La Justicia le rechazó a Gianni una denuncia por supuestas malversaciones con recursos para medicamentos oncológicos por inconsistencias que serían humillantes para cualquier profesional del derecho. Esta mácula curricular tan reciente no fue óbice para que asumiera el rol protagónico en la defensa de Pettovello. Se ve que no hay disponible nada mejor.
El predicador muleto
Diputados arrebatando la iniciativa política al Gobierno, déficits de gestión grotescos expuestos a partir de una denuncia del dirigente social Juan Grabois, blanco dilecto de los agravios a la bartola libertarios.

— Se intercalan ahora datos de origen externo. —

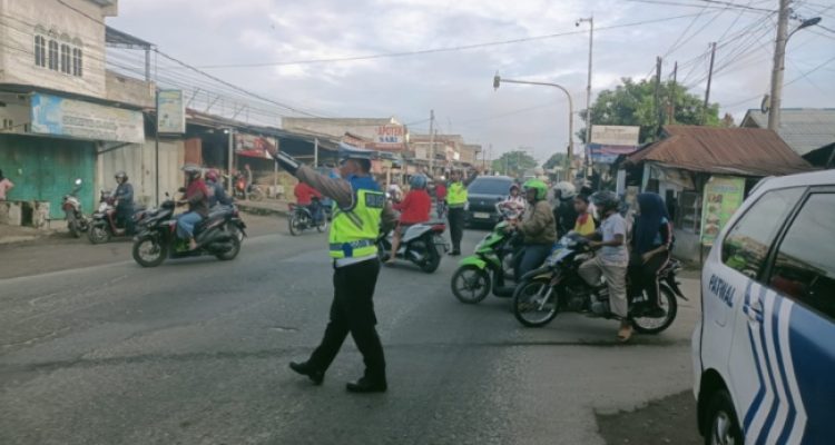 BATUBARA (mimbarsumut.com)- Personil Sat Lantas Polres Batubara kembali melaksanakan pengaturan lalin, Rabu

Los perjuicios a la confianza en las posibilidades de éxito del Gobierno fueron graves y no hubo un solo gesto que sugiera intenciones de revertir el aislamiento, como no sean trascendidos de conversaciones con el flamante Jefe de Gabinete Guillermo Francos, estoico miembro de un equipo saturado de personalidades extravagantes.
La disertación del ministro de Economía Luis “Toto” Caputo en la apertura del Latam Economic Forum 2024 verificó la fragilidad. “No los vamos a defraudar”, prometió, menemista, tras implorar a los empresarios que apuesten al programa libertario algo más que aplausos.
“Lo que ustedes como ciudadanos y empresarios pueden aportar es un montón. Tenemos que recuperar el orgullo de ser argentinos, sepan que pueden contar con nosotros y sepan que contamos con ustedes para lograrlo”, dijo.
La misma rogativa de Milei en los foros de Llao Llao y el Milken Institute, idéntica apelación a la mística.
La fe se tambalea, Milei necesita respaldo. Con el Congreso reticente y Capital Humano en la hoguera, “Toto” Caputo asume el rol de predicador muleto.